JAKARTA, WIWA – Letnan Dua (Letda) Angkatan Laut Boflen Sirat berbagi kisah penemuan kotak hitam pesawat AirAsia QZ8501 yang jatuh di perairan Selat Karimata dekat Pangkalan Bun, Kalimantan Tengah pada 28 Desember 2014.
Penerbangan QZ8501 semula lepas landas dari Bandara Internasional Surabaya pada pukul 05:35 pada hari Minggu 28 Desember 2014. Namun penerbangan menuju Bandara Internasional Changi di Singapura tersebut mengalami kecelakaan akibat adanya masalah pada bagian ekor pesawat. Dua pilot, empat awak dan 156 penumpang tewas dalam kecelakaan itu.
Penerbangan QZ8501 diduga jatuh ke dalam air setelah dilaporkan kehilangan kontak, kata Lt. Bouflen.Seorang penyelam senior dari Batalyon Pengintai Amfibi Pasukan Khusus (TAIFIB) Korps Marinir diperintahkan untuk mencari lokasi jatuhnya pesawat.
Dalam waktu singkat, ia dan timnya berangkat dari Bandara Halim Perdana Kusuma, Pangkalan Bun, Jakarta Timur. Setibanya di sana, Bouflen langsung dikirim ke tengah laut, tempat pesawat diyakini jatuh.
KRI Banda Aceh saat itu sudah ada. Dilihat melalui YouTube Dispensal TNI Angkatan Laut Sabtu 7 Desember 2024 Jaraknya (dari Pangkalan Bun) ke (KRI Banda Aceh) yang sudah berada di tengah laut, sekitar delapan jam perjalanan.”
Bouglen mengungkapkan, setibanya di KRI Banda Aceh, mereka ditemui beberapa tim penyelam gabungan, mulai Basarnas, Denyaka, dan Kopaska, yang berjumlah 47 personel. Puing-puing pesawat QZ8501 awalnya terdeteksi alat pendeteksi logam.
Sesampainya di lokasi dugaan jatuhnya pesawat QZ8501, mereka menurunkan robot pengintai tersebut. Namun karena cuaca badai dan arus yang kuat, robot tidak dapat bekerja secara normal.
Kemudian Letnan Bouflen mengusulkan untuk terjun langsung ke dasar laut.

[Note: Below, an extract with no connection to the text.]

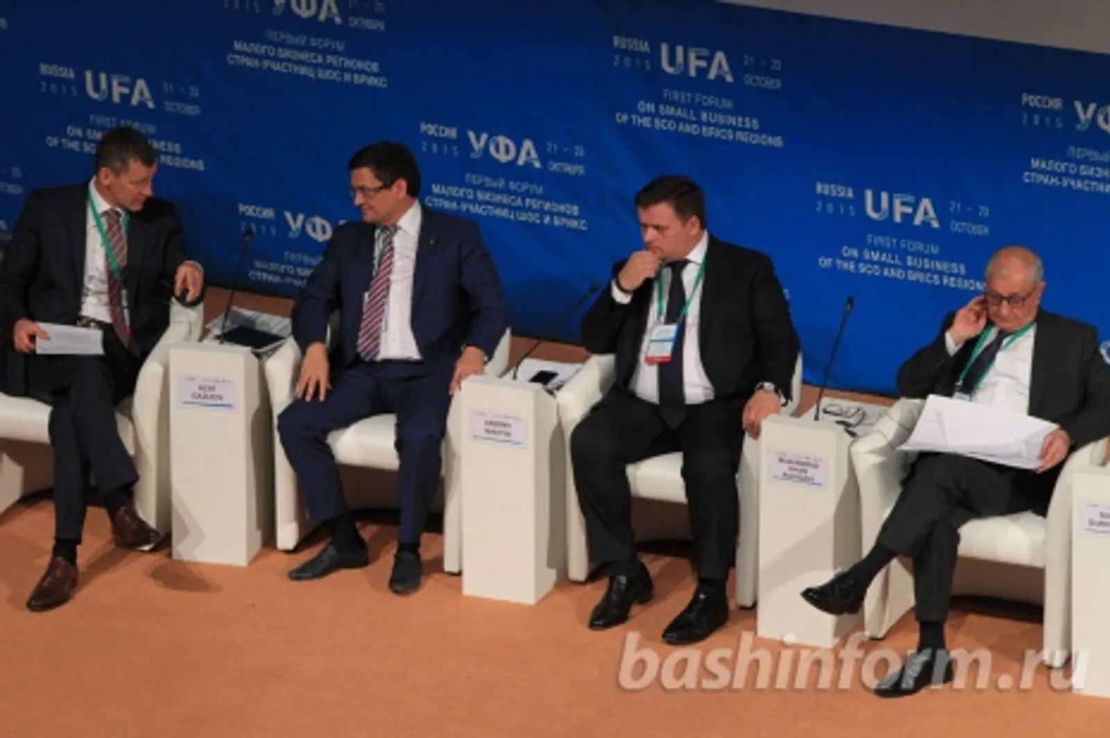 UFA, 22 October 2015. /Bashinform News Agency, Rozaliya Valeeva/. Issues of removing customs and other barriers at the trade between businessmen of the BRICS member-states will be discussed by the leaders of these countries. This was announced by the Director General of the Agency for Strategic Initiatives on Promoting New Projects Andrey Nikitin during a plenary session of the First R2R Forum of small business of the SCO and BRICS countries, which takes place in Ufa.
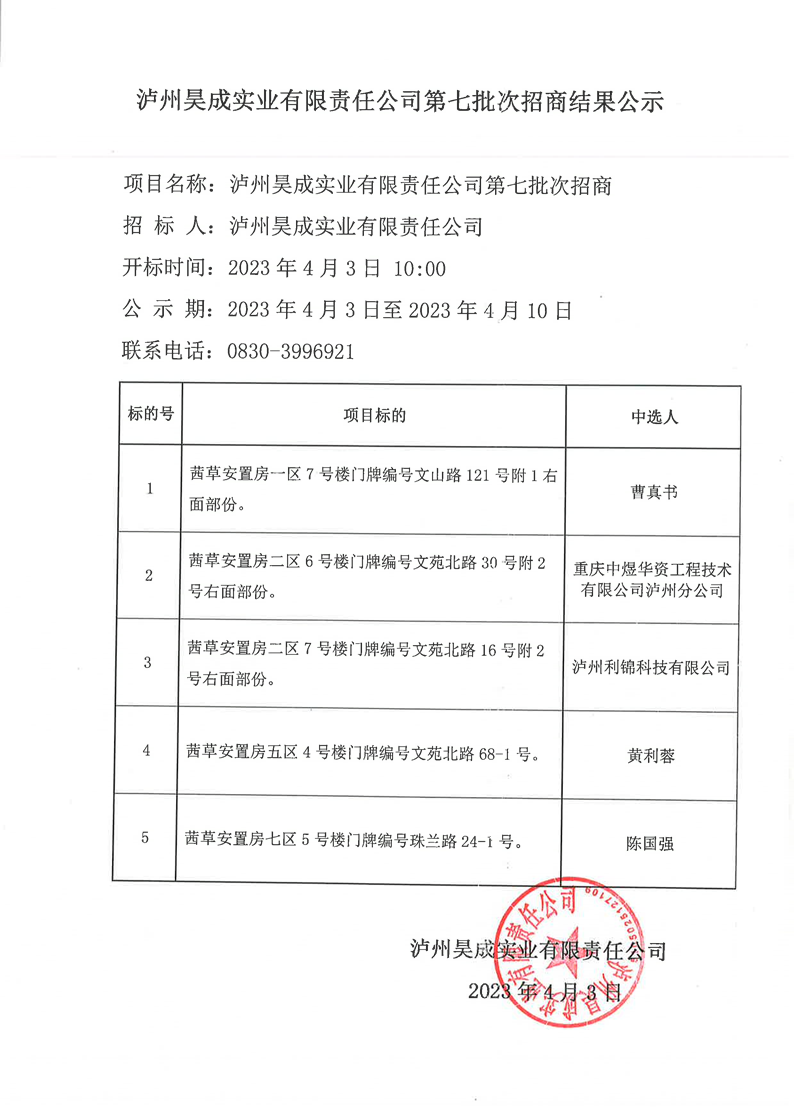瀘州昊成實業(yè)有限責任公司第七批次招商結果公示

Ia mengajak salah satu juniornya untuk ikut bersamanya ke permukaan laut.
“Saat itu kita turunkan dulu jangkarnya agar tidak terseret arus, sesampainya di dasar, badan kita seperti bendera yang berkibar karena terbawa arus, sehingga harus berpegangan pada tali tersebut,” ujarnya. .
Dia menambahkan: “Jika kami tidak berpegangan pada tali, kami mungkin akan tersapu sejauh dua atau tiga kilometer karena kami baru saja berenang kembali karena arusnya begitu kuat.”
Namun, penyelaman kali ini tidak berhasil. Pencarian terus dilakukan hingga Bufalen berhasil menemukan puing-puing QZ8501 pada 7 Januari 2015. Saat ditemukan, pesawat sudah dalam tiga bagian besar.
“Pertama kita temukan bagian ekor pesawat, lalu dalam jarak dua setengah kilometer kita temukan badan pesawat, lalu kokpitnya,” ujarnya.
Setelah seluruh korban dan bagian pesawat dikeluarkan, Bouflen berhasil menemukan dua kotak hitam bernama Flight Data Recorder (FDR) dan Cockpit Recorder (CVR) di kedalaman kurang lebih 30-32 meter.
Warnanya oranye, panjangnya sekitar 40 cm, lebarnya 15 cm, ujarnya. “Ada dua kotak hitam, satu berisi ketinggian dan rute pesawat, satu lagi juga. CVR yang berisi informasi dari pilot hingga bandara.
Bouflen mengaku bangga telah ditemukannya kotak hitam tersebut, karena menurutnya, berkat penemuan itulah penyebab jatuhnya pesawat QZ8501 dapat diketahui.
Akibat operasinya tenggelam ke dasar laut saat terjadi badai, Bouflen mendapat julukan Mad Diver dari para penyelam asing yang membantu proses pengangkatan puing-puing QZ8501.